Last time we took the new architecture to it’s theoretical limit and pushed more of the load toward the database. This time …
What we changed (Using 2 Load Test Suites)
- Turn on Output Caching on the Proxy Server. Which defaults to caching js, css, and images. Which works really great with really old sites.
- We also lowered the number of users as the Backend Services ramped up to 100%.
- Forced Test Agents to Run in 64-bit mode. This resolved the an Out Of Memory exception that we we’re getting when the Test Agents were running into the 2 GB memory caps of their 32-bit processes.
- Found a problem with the Test Suite that was allowing all tests to complete without hitting the backend service. (This really effected the number of calls that made it to the Impacted Backend Services.)
- Added a second Test Suite which also used the same database.

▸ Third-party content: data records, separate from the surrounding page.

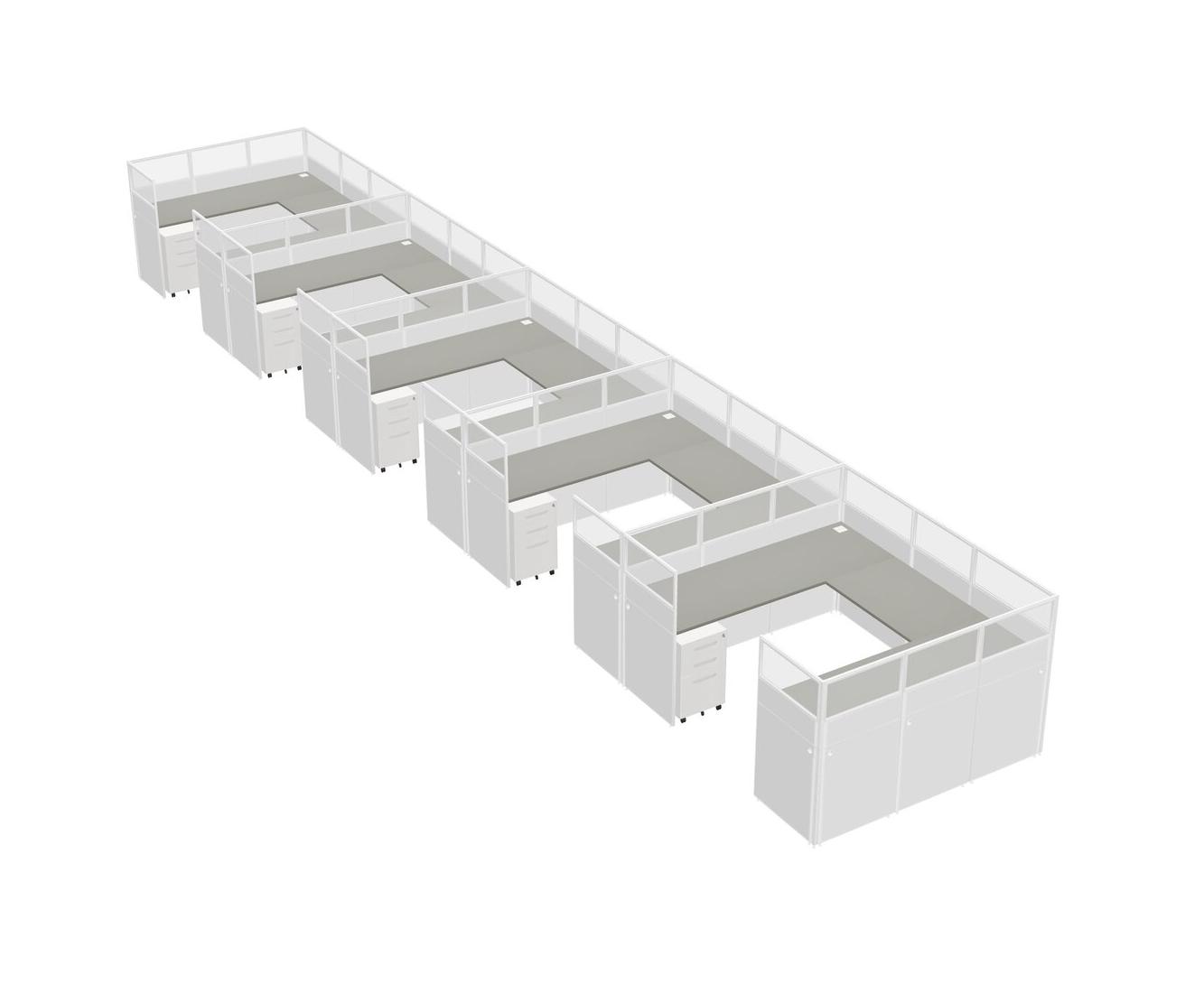 Grey Shadows U-shaped Panel System For 5 Person + Metal Mobile Drawers For 5 User(s)
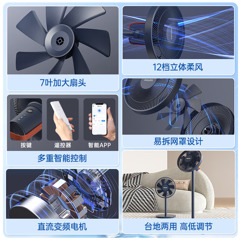 飞利浦(PHILIPS)电风扇落地扇家用七叶轻音台地两用立式APP智控电扇3D送风柔风节能大风量定时小风扇 ACR3142SF价格:689.00元!
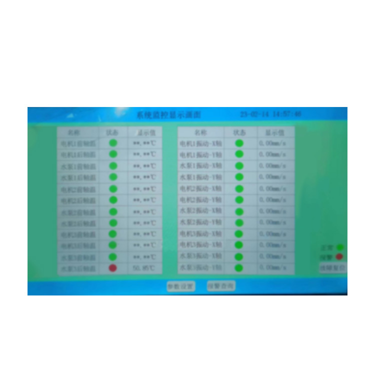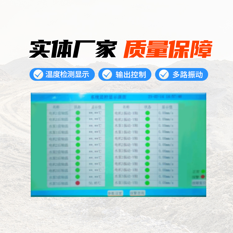 6、电机主轴承温度振动超限声光提示;本地声光提醒或远程声光报警。

The load on this suite wasn’t very high; it just added more real world requests.
Test Setup
- Constant Load Pattern
- 1000 users
- 7 Test Agents (64-bit mode)
- Main Proxy
- 4 vCPU / 8 vCore
- 24 GB RAM
- AppPool Queue Length: 50,000
- WebFarm Request Timeout: 120 seconds
- Output Caching (js, css, images)
- Impacted Web App Server
- 3 VMs
- AppPool Queue Length: 50,000
- Impacted Backend Service Server
- 8 VMs
- Classic ASP App
- CDNs used for 4 JS files and 1 CSS file
- Custom JS and CSS coming from Impacted Web App
- Images still coming from Impacted Web App
- JS is minified
- VS 2017 Test Suite
- WebTest Caching Enabled
- A 2nd Test Suite which Impacts other applications in the environment is also run. (This is done off a different VS 2017 Test Controller)
Test Results
- Main Proxy
- CPU: 28% (down 37)
- Max Concurrent Connections: – (Didn’t Record)
- Impacted Web App
- CPU: 56% (down 10)
- Impacted Backend Service
- CPU: 100% (up 50)
- DB
- CPU: 30% (down 20)
- VS 2017 Test Suite
- Total Tests: 95,000 (down 30,000)
- Tests/Sec: 869 (down 278)
This more “real world” test really highlighted that the impacted systems weren’t going to have a huge impact on the database shared by the other systems which will using it at the same time.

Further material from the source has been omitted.